Check the Fine Print
NEW YORK: So much for deal brokering -- now comes the haggling over the fine print.
As Kofi Annan received a hero's welcome from United Nations employees Tuesday, the agreement he signed is not entirely pretty reading for Washington. The two-page memo gives the Secretary General carte blanche to pick and choose members of the "special group" that will inspect the eight disputed Presidential Palaces. For Annan, "it's a masterful piece of diplomacy," says TIME's U.N. correspondent William Dowell. "He came back and he's in charge."
There's one loose end, however, that could come back to haunt him. This "special group," it
says, will also operate under "specific detailed procedures which will
be developed given the special nature of the presidential sites."

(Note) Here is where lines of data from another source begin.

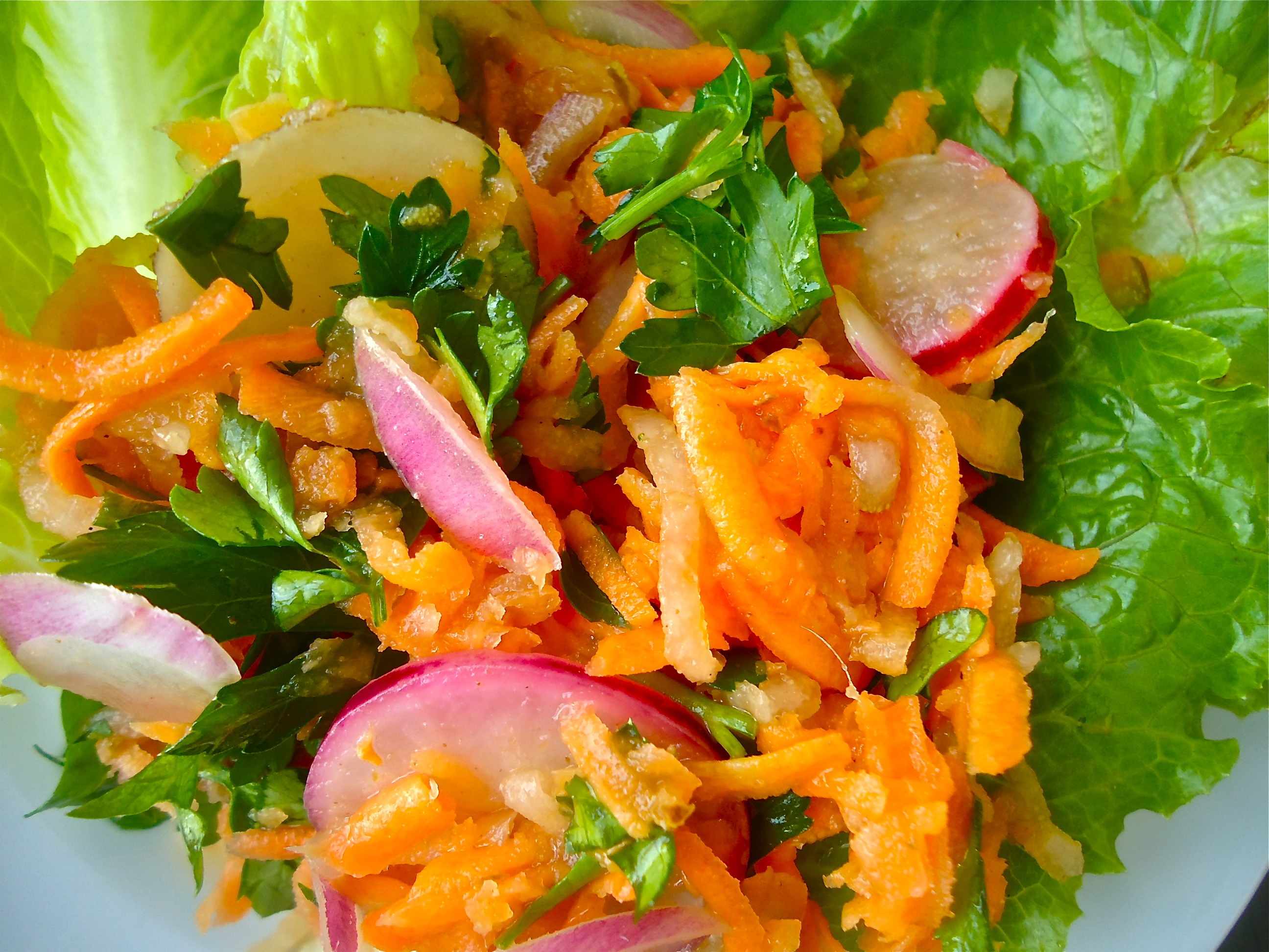 Nice as a side for southern-favorite barbeque cookouts or as a first course with grilled shrimp or fish. Uses winter time in-season produce like carrots, pears and radish too!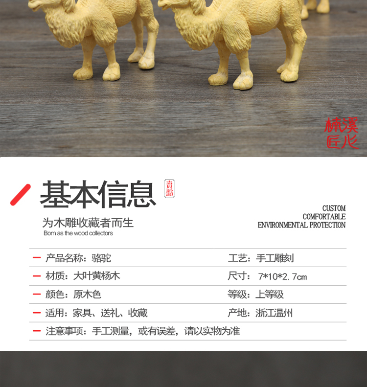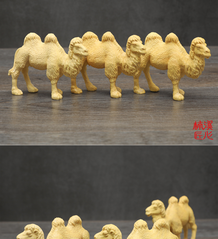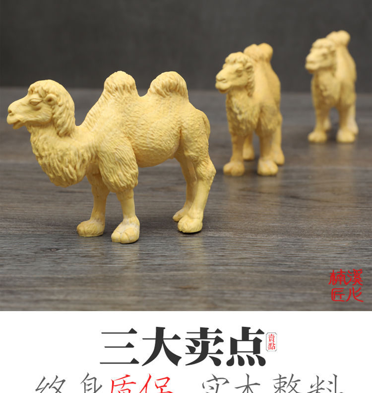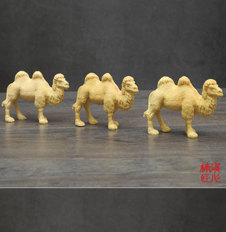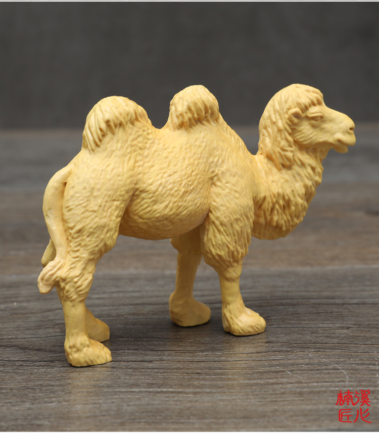 楠溪匠心黃楊木雕駱駝擺件工藝品仿真動物手把件沙漠之王軟裝飾品1入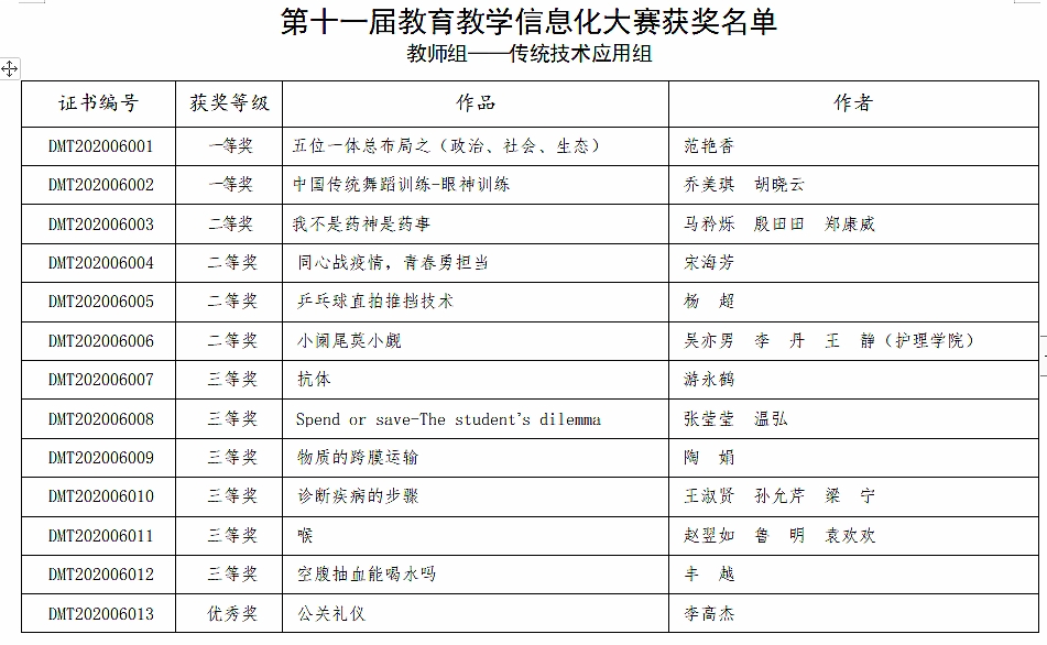 新乡医学院三全学院第十一届教育教学信息化大赛按照预定方案和规定程序,经各教学单位选拔推荐、专家评审、院务会审定,共评选出各类奖项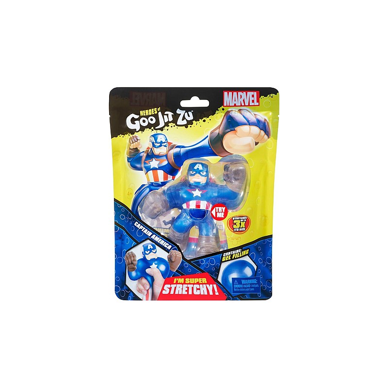 Forță legendară, distracție elastică. Adaugă un nou nivel de aventură în universul tău de joacă cu Goo Jit Zu Captain America Hero Pack.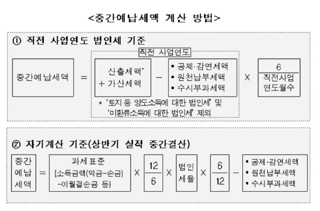 12월에 사업연도가 종료되는 법인은 1월 1일부터 6월 30일까지 중간예납 세액을 신고하고 납부해야 한다. 올해 신설된 법인이나 이자소득만 있는 비영리법인, 휴업 등의 사유로 올해 상반기 사업실적이 없는 법인 등은 중간예납 세액 납부 의무가 없다.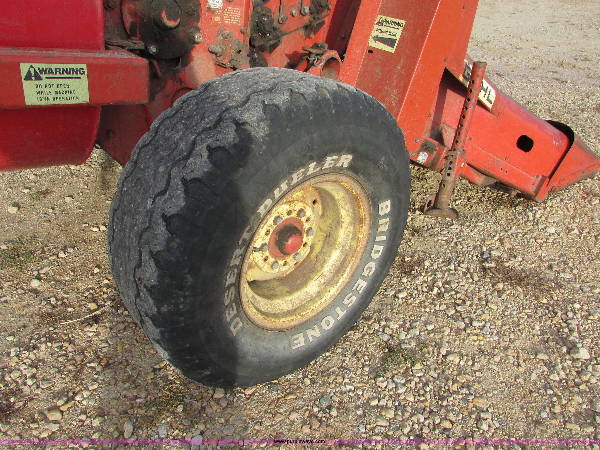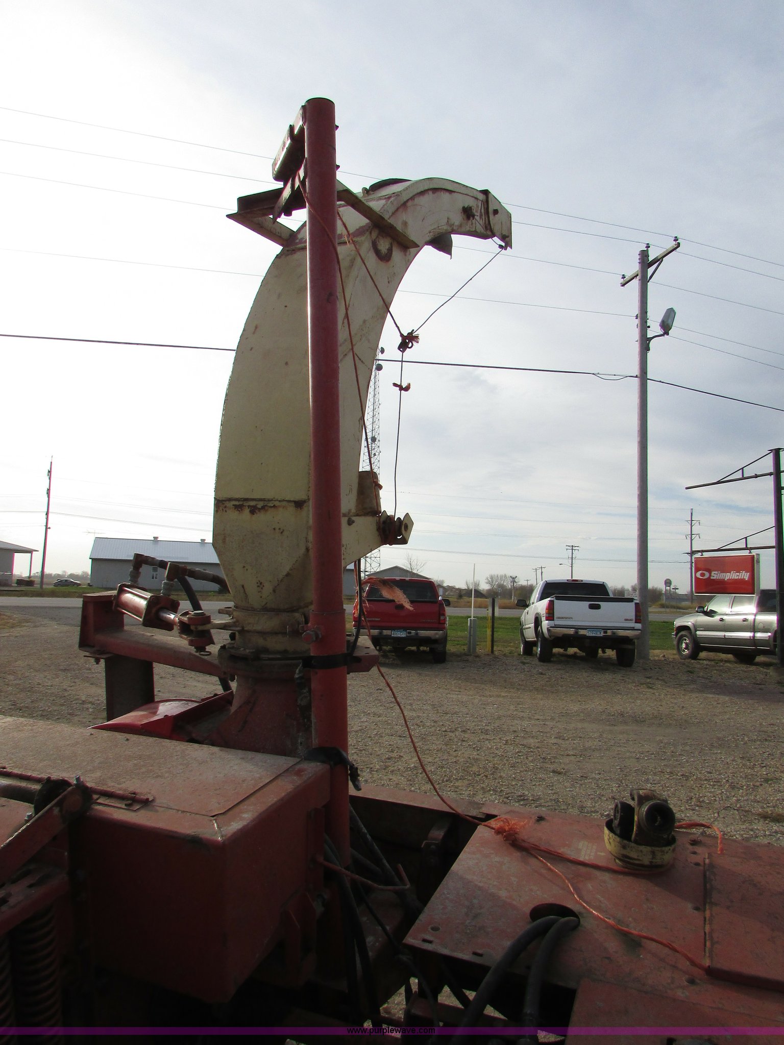 Gehl C13 two row corn chopper. 1000 PTO, Two row corn head Model TR3038, Serial 6558, Chopper Model HS781, Serial 1666, Hydraulic spout adjustment, Hydraulic height head adjustment, Rear pin hitch, Pin hitch, Jack stand, 12R15LT tires, 12.5L-15 tires, Cosmetic damage, Serial 3741. 230 E Jefferson. Gaylord, MN 55334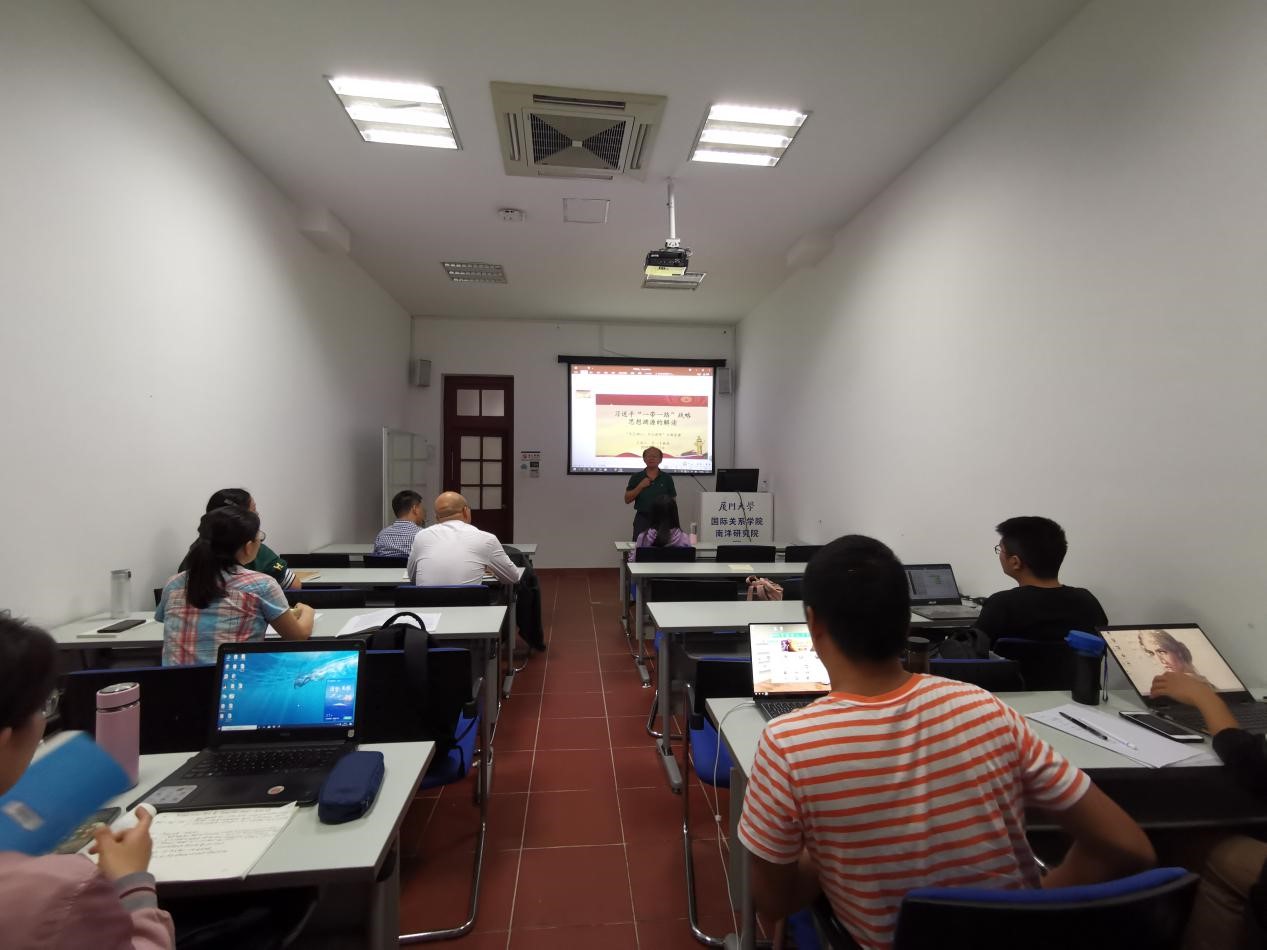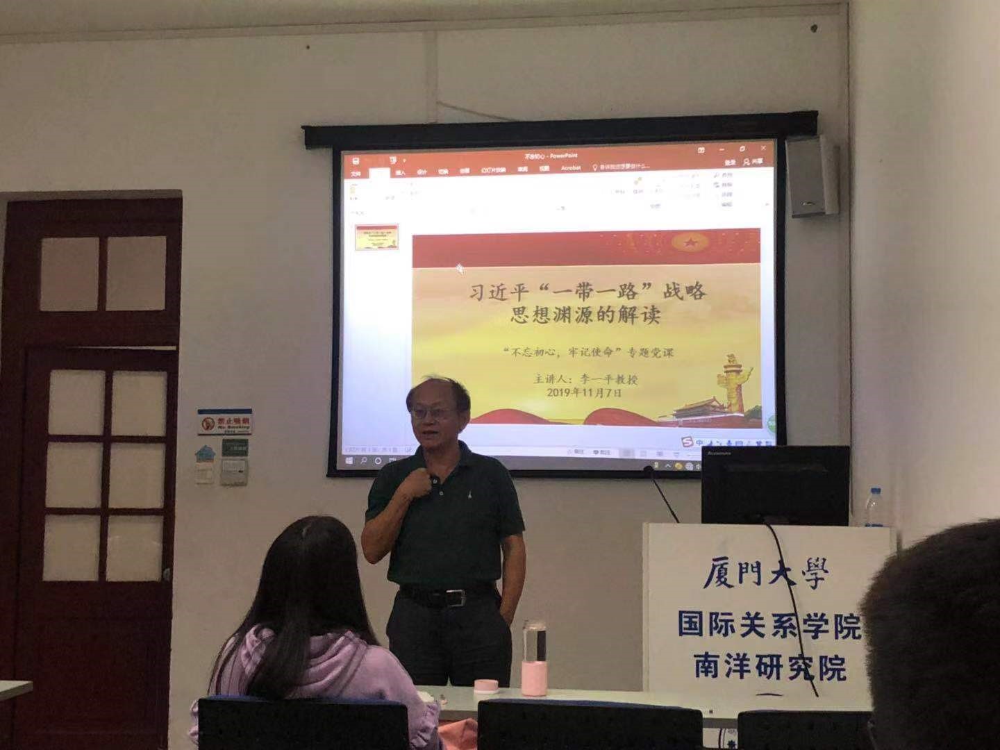 为深入推进“不忘初心、牢记使命”主题教育,进一步引导学生党员牢记初心使命,坚定理想信念,凝聚智慧力量。2019年11月7日晚7时,国际关系学院/南洋研究院院长、学院党委副书记李一平教授在南安楼105教室以“习近平‘一带一路’倡议思想渊源解读”为题为2019级博士生党支部成员讲授专题党课。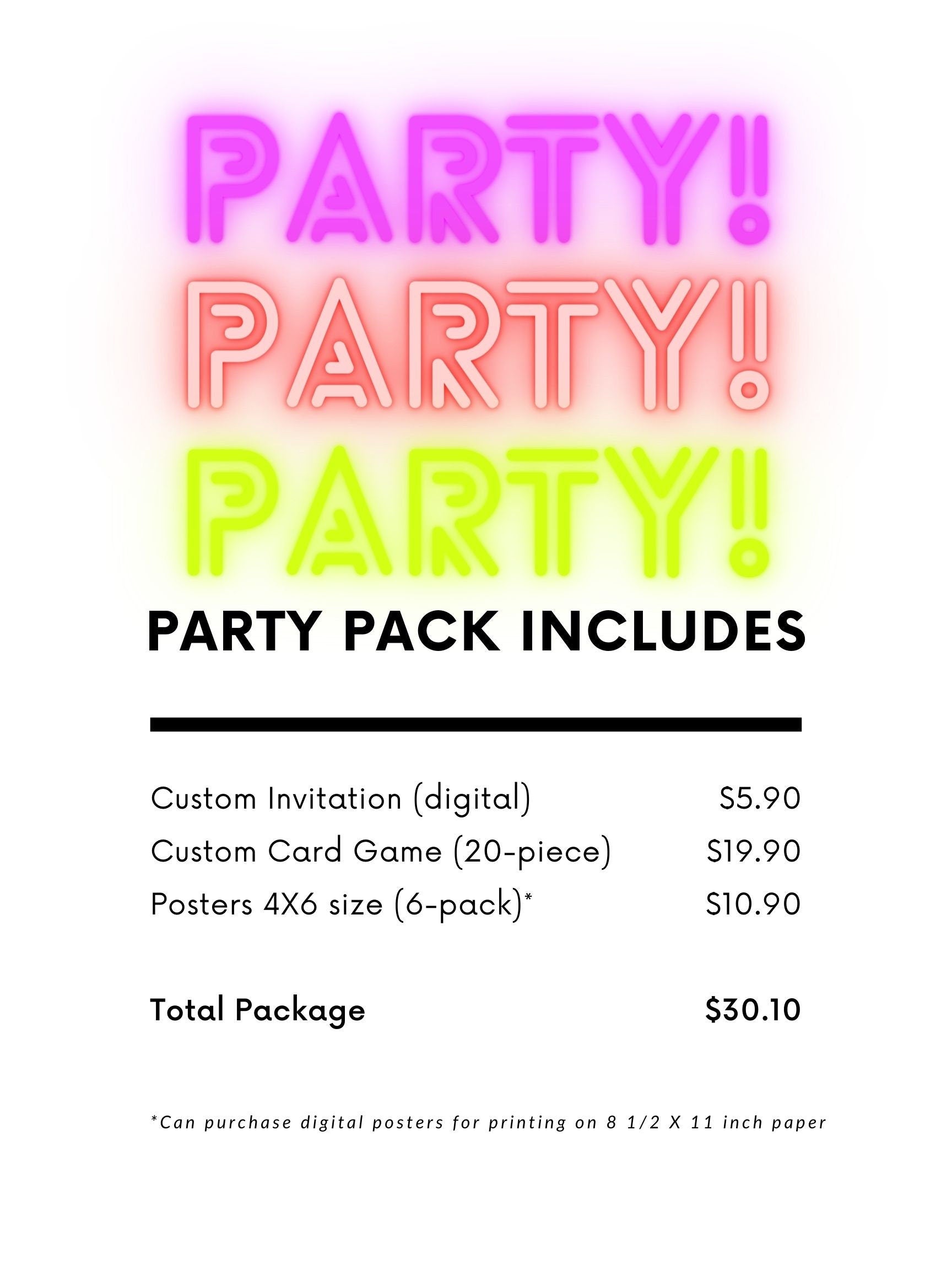 3. Decorations - Decorative Posters with your chosen theme. Each mini poster is 4 in x 6 in printed on colored Thermal Dye Sublimation Photo Paper which is stain, oxidation & water resistant. (6 pack each with image related to your theme). Hang on twine using clothespins to create a banner!

Wording so loose, it almost cries out for Saddam to defy the spirit of
the deal -- by drawing up a whole new list of inspection-blocking
"special procedures."
The White House -- perturbed, perhaps, by the fine print -- spent its Monday spin cycle qualifying President Clinton's earlier endorsement. NSA advisor Sandy Berger described the deal as merely an outline of "some basic principles," and added the U.S. would work to ensure it resulted in "rigorous and professional" inspections. If it doesn't, at least the Annan accord gives Washington much more of the missing ingredient in this winter's noisy efforts to face down Iraq: a legal and moral basis for military action.